8.2 Upon such termination as aforesaid the Director shall automatically be deemed to have tendered his resignation as a director of the Company and from any other directorship which he may then hold in companies within the PLC Group without any claim to compensation, and the Joint Secretaries of the Company are hereby irrevocably and severally authorised in his name and on his behalf to sign documents and do any other things necessary to give effect thereto.
9. Confidential Information, Documents etc.
9.1 The Director shall not (except in the proper course of his duties) during or after the period of his employment under this Agreement divulge to any person firm or company or otherwise make use of any confidential information or trade secrets concerning the business, finances or plans of the Company or the Unilever Organisation or their suppliers, agents, distributors or customers.
9.2 All documents and other materials made or acquired by the Director during the course of and for the purposes of his employment hereunder shall be surrendered by the Director to the Company or to N.V. on the termination of his employment for whatever reason or shall be so surrendered at the request of the Board during the course of his employment.
10. Director's Covenants
10.1 During and by virtue of his employment hereunder the parties acknowledge that the Director will acquire trade secrets and other highly confidential information in the nature of trade secrets. Accordingly, in order to give reasonable protection to the Company in respect of its proprietary interests in such matters the parties agree as further set forth in this clause.

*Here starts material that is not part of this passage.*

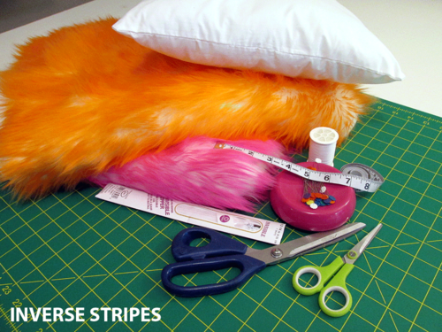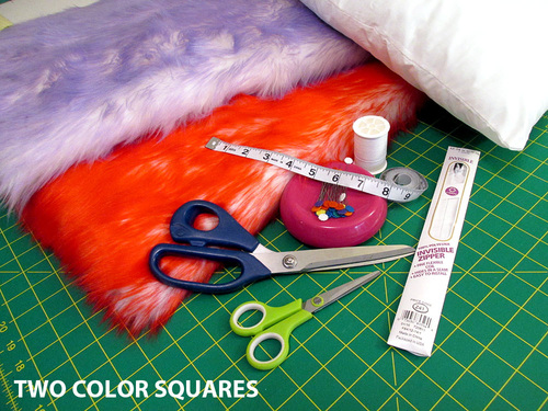 In the photos and supply list below, you’ll notice that we show invisible zippers. This is completely optional, but necessary if you want your cover to be removable. You can also opt to simply hand stitch closed. We show you tips below for both methods. As with most luxury faux furs, this shag is meant to be spot cleaned or dry cleaned.

10.2 For a period of twelve months after the effective date of termination of the Director's employment hereunder the Director shall not (without the prior written consent of the Board which may be given or refused in the Board's sole discretion) become employed or engaged by any person firm or company, or become concerned with the ownership or management, whether directly or
indirectly, of any company firm or business,
which at the effective date of the termination of the Director's employment
– wholly or partly carries on a trade or business in the same fields
of activities carried on by the Company or by companies within the Unilever Organisation,
or
– is a regular supplier or customer of the Company or any company
within the Unilever Organisation.
11. Intellectual Property
11.1 The Director acknowledges that, if at any time during the course of his duties or employment hereunder he makes or discovers or participates in the making or discovery of any invention whether capable of being patented or not or of any design or work to which copyright attaches, the Unilever Organisation is entitled to the benefit of any such intellectual property and the Director shall immediately notify the Company of the existence thereof.

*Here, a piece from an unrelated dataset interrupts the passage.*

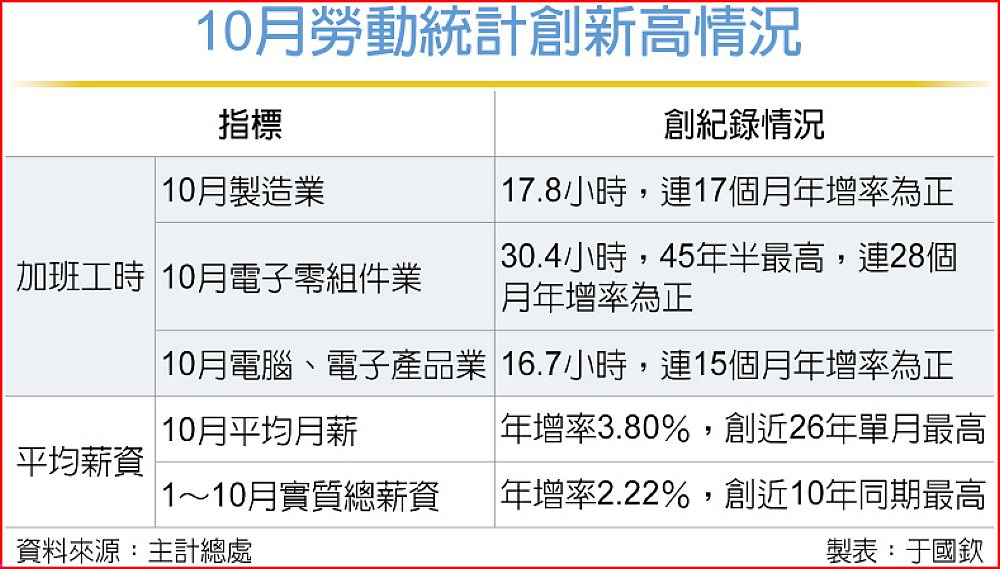 主計總處10日公布10月薪資統計,受惠於AI及高效能運算需求帶動出口,10月平均月薪(經常性薪資)年增率3.80%創近26年單月最高,電子零組件業加班工時逾30小時也創45年半最高,惟部分傳產的勞動狀況仍受到美國關稅政策的衝擊。

11.2 Without further consideration the Director shall, at the request and expense of the Company, both while employed by the Company and thereafter give and supply such information data drawings and assistance as may be requisite to enable the Company to exploit the intellectual property to its best advantage and shall execute all documents and do all things which may be necessary or desirable for obtaining patent or other protection for the intellectual property in such parts of the world as may be specified by the Company and for vesting the same in the Company or as it may direct.
11.3 The Director hereby appoints each of the Joint Secretaries of the Company severally to be his Attorney in his name and on his behalf to sign execute or do any such instrument or thing and generally to use his name for the purpose of giving to the Company (or its nominee) the full benefit of the provisions of this Clause. This appointment shall not be revocable by the Director but will expire automatically twelve months after the effective date of the termination of the Director's employment hereunder.
12. IndemnityIn so far as permitted by law the Company shall indemnify the Director against all pecuniary losses which he may incur in carrying out his duties as a Director of the Company.
13. Governing LawThis Agreement is governed by and shall be construed in accordance with the laws of England. The parties hereto hereby submit to the jurisdiction of the English Courts.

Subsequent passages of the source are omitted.